▸ DIRECTIONS:
For this task, copy all of the data below exactly and skip the pictures.

▸ RAW DATA:
================

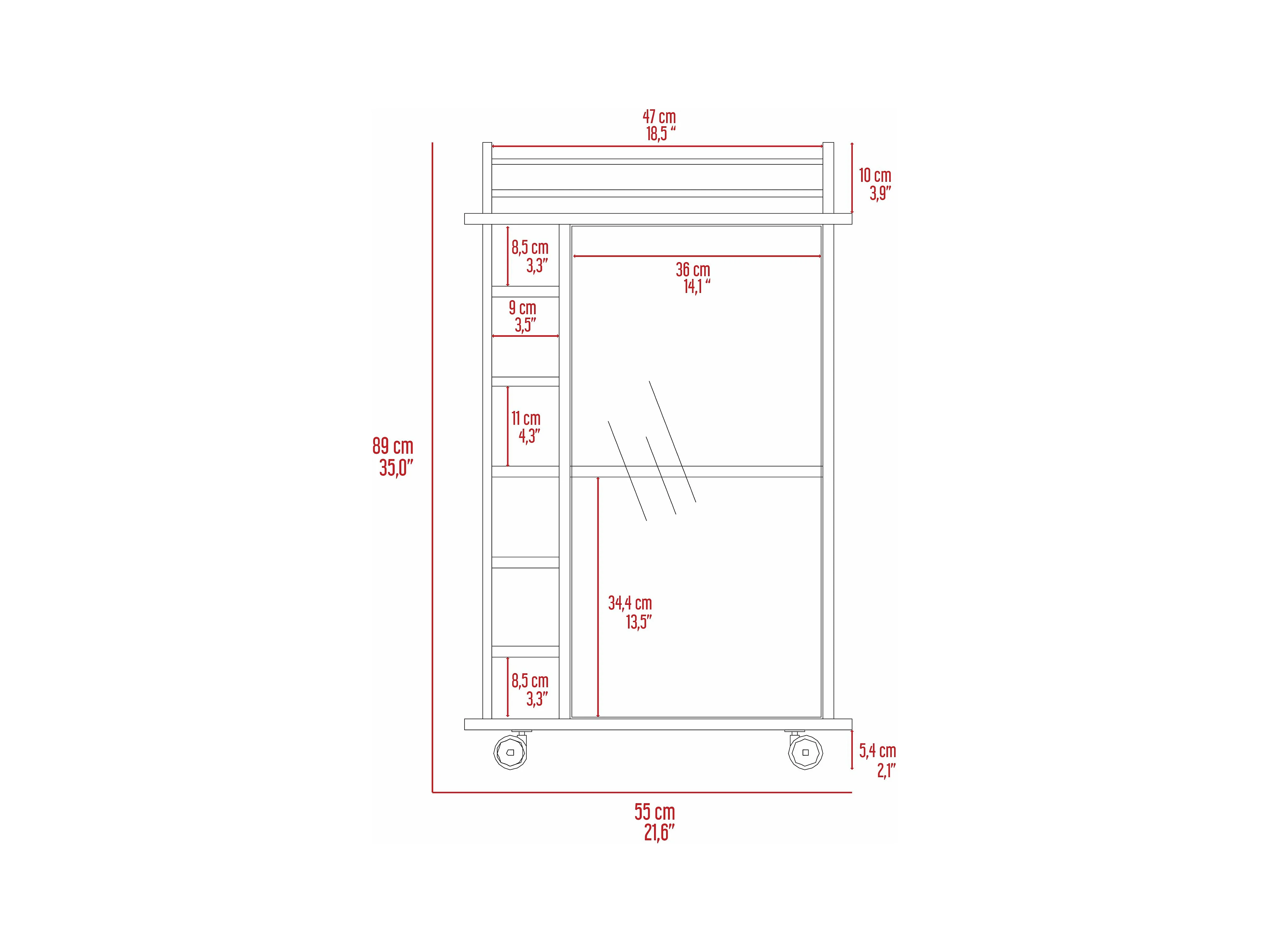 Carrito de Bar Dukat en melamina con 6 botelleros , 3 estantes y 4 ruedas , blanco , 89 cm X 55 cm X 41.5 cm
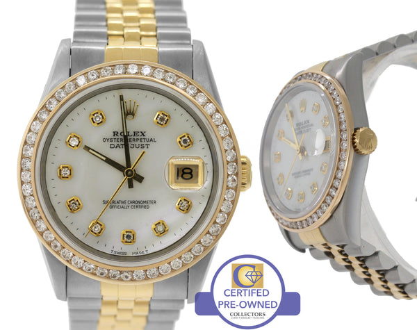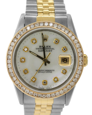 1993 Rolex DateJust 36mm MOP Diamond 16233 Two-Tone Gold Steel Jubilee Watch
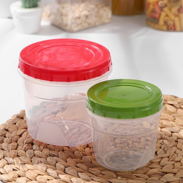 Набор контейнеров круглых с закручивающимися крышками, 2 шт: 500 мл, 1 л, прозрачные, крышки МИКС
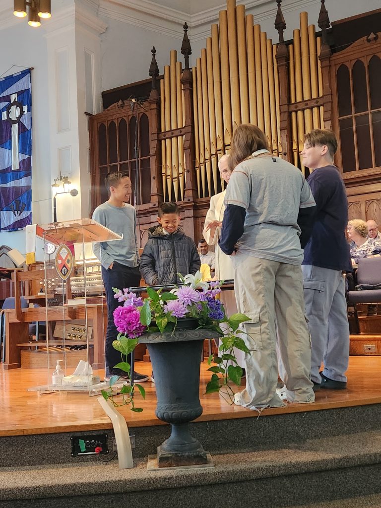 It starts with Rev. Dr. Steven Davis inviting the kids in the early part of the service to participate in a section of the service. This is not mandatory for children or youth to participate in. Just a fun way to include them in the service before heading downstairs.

================

▸ EXERCISE RESULT:
 Carrito de Bar Dukat en melamina con 6 botelleros , 3 estantes y 4 ruedas , blanco , 89 cm X 55 cm X 41.5 cm
 1993 Rolex DateJust 36mm MOP Diamond 16233 Two-Tone Gold Steel Jubilee Watch
 Набор контейнеров круглых с закручивающимися крышками, 2 шт: 500 мл, 1 л, прозрачные, крышки МИКС
 It starts with Rev. Dr. Steven Davis inviting the kids in the early part of the service to participate in a section of the service. This is not mandatory for children or youth to participate in. Just a fun way to include them in the service before heading downstairs.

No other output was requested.